§ Description of the task: For this exercise, output the entries below exactly from the line that holds "Temat: Znaki obecności" to the line that holds "Playera de adulto", both ends included. No pictures belong in the copy.

§ Supplied material:

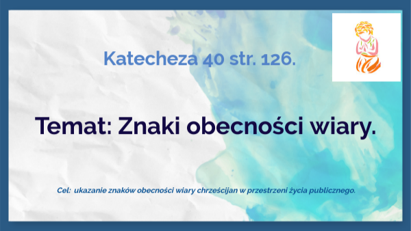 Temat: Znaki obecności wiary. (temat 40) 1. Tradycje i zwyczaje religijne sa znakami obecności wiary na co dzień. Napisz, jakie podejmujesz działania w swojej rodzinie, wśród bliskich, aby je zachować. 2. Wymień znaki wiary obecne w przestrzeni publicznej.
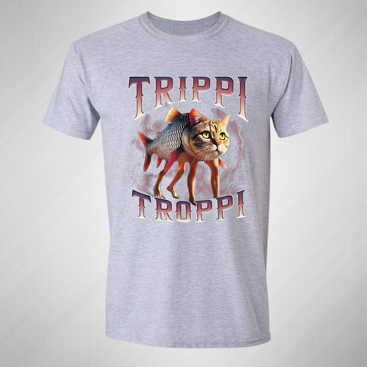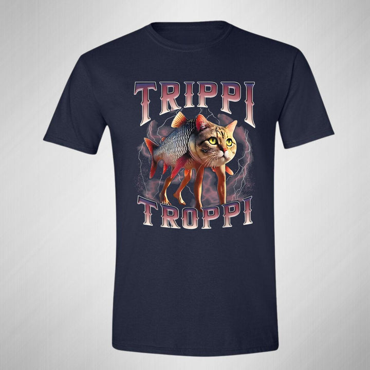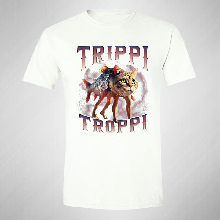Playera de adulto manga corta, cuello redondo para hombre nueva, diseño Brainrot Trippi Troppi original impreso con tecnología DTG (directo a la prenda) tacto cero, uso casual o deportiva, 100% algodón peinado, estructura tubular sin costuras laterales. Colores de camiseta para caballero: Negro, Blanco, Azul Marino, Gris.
==
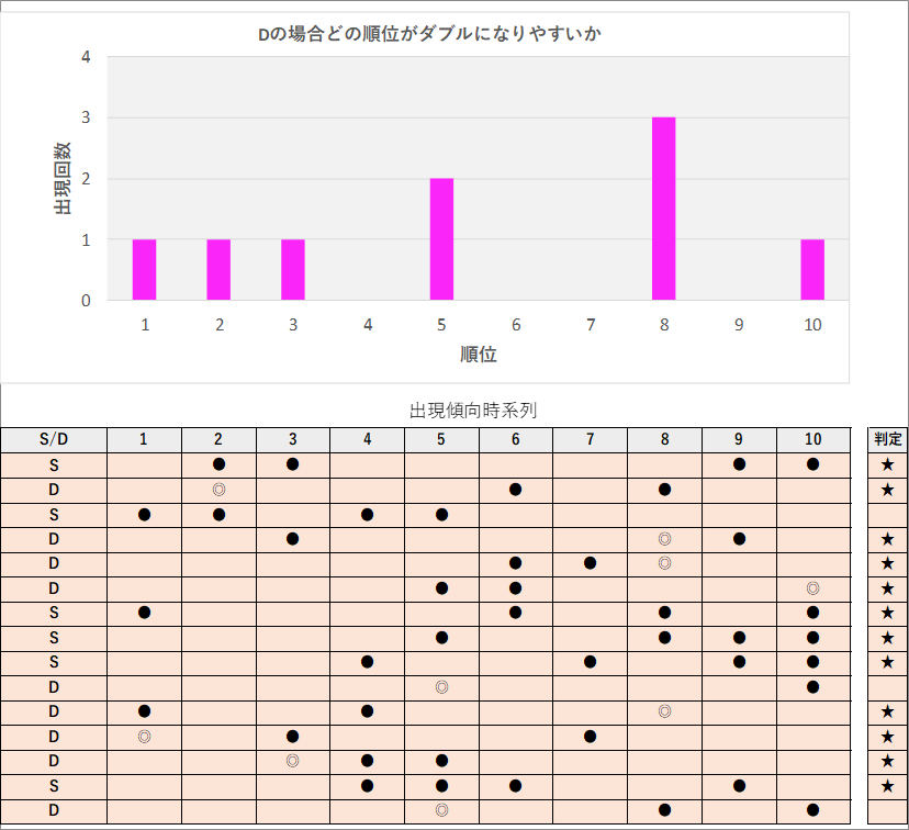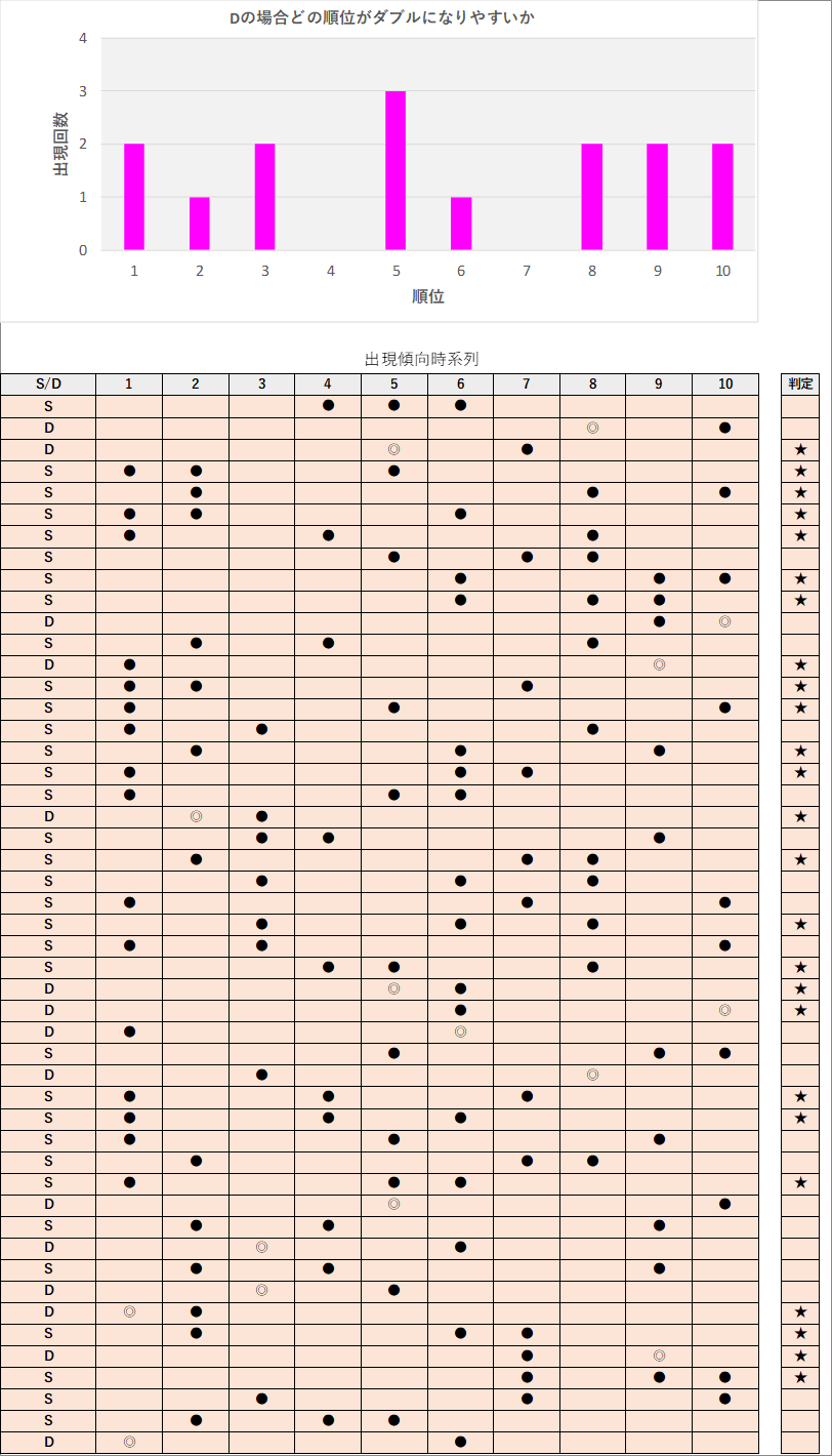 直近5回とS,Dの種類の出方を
...
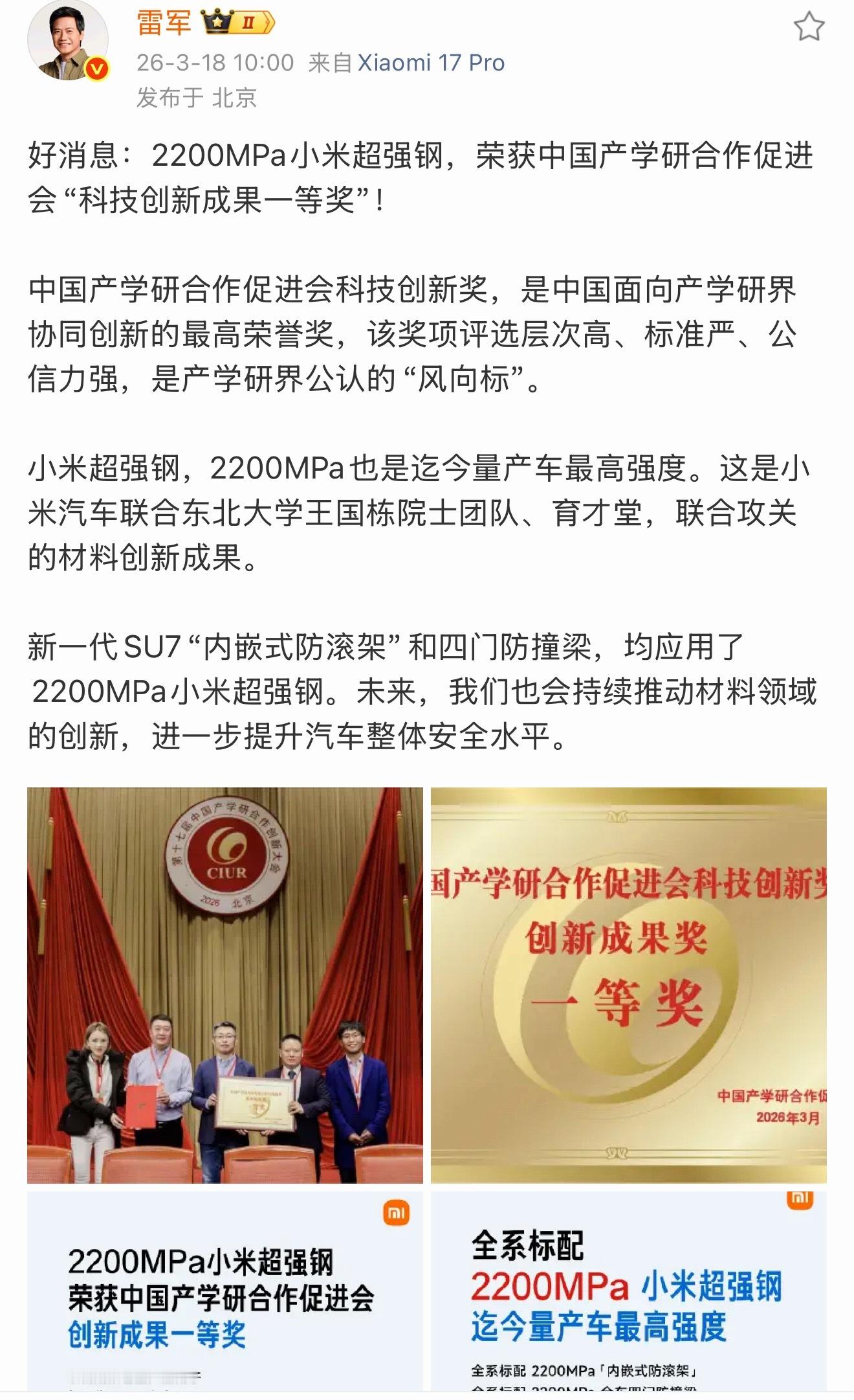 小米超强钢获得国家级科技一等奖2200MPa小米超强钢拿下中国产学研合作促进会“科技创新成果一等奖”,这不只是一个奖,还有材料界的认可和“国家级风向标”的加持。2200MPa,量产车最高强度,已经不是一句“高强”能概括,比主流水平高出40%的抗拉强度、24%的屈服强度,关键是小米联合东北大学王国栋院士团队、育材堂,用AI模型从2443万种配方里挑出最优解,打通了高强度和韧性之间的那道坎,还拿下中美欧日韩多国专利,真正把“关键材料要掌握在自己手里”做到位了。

§ Result below:
 Temat: Znaki obecności wiary. (temat 40) 1. Tradycje i zwyczaje religijne sa znakami obecności wiary na co dzień. Napisz, jakie podejmujesz działania w swojej rodzinie, wśród bliskich, aby je zachować. 2. Wymień znaki wiary obecne w przestrzeni publicznej.
Playera de adulto manga corta, cuello redondo para hombre nueva, diseño Brainrot Trippi Troppi original impreso con tecnología DTG (directo a la prenda) tacto cero, uso casual o deportiva, 100% algodón peinado, estructura tubular sin costuras laterales. Colores de camiseta para caballero: Negro, Blanco, Azul Marino, Gris.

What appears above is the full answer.